=== Begin Enclosure ===
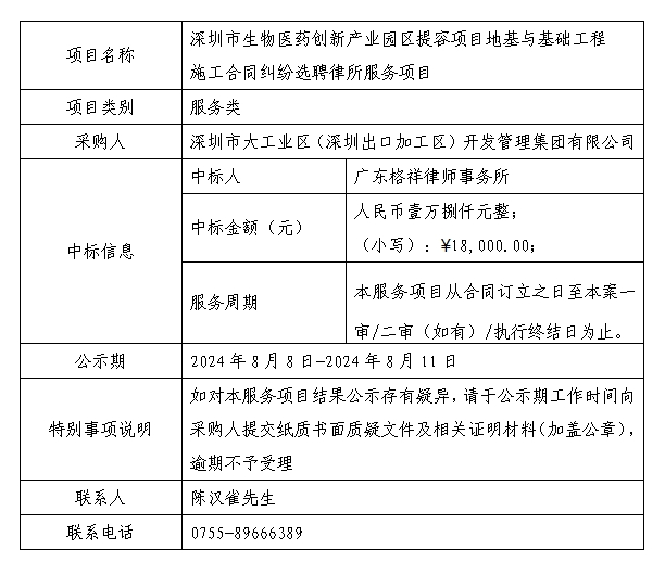 在深圳阳光采购平台进行公开招标的深圳市生物医药创新产业园区提容项目地基与基础工程施工合同纠纷选聘律所服务项目已完成评审及定标,现将本服务项目评审的相关情况及定标结果进行公示,具体内容如下:
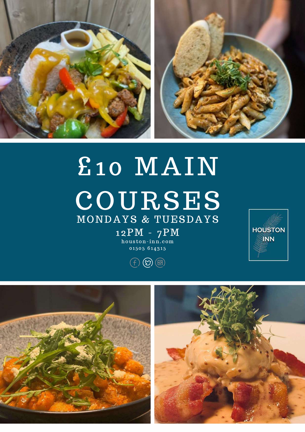 Enjoy classic pub favourites at the Houston Inn, with main courses for just £10 on selected days.
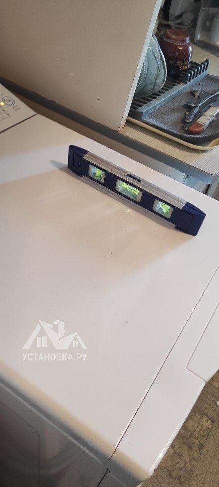 - Снятие транспортировочных креплений у стиральной машины, выравнивание по уровню.
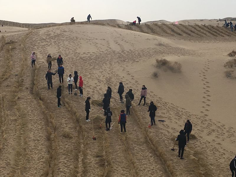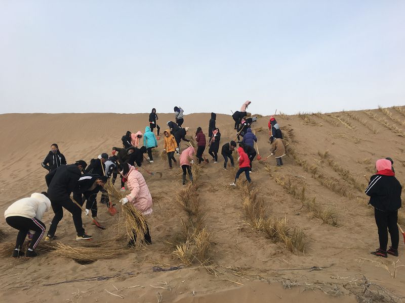 护理系学生在教师的带领下,按照技术人员制定的方法,将稻草压制成一片片固沙格。同学们发挥了不怕苦,不怕累的精神,挥动的铁锨此起彼伏,展现出了火热的劳动热情。
=== End Enclosure ===
• [What this task involves]: The whole listing above is to be printed exactly; the pictures stay out.

• [Exercise response]:
 在深圳阳光采购平台进行公开招标的深圳市生物医药创新产业园区提容项目地基与基础工程施工合同纠纷选聘律所服务项目已完成评审及定标,现将本服务项目评审的相关情况及定标结果进行公示,具体内容如下:
 Enjoy classic pub favourites at the Houston Inn, with main courses for just £10 on selected days.
 - Снятие транспортировочных креплений у стиральной машины, выравнивание по уровню.
 护理系学生在教师的带领下,按照技术人员制定的方法,将稻草压制成一片片固沙格。同学们发挥了不怕苦,不怕累的精神,挥动的铁锨此起彼伏,展现出了火热的劳动热情。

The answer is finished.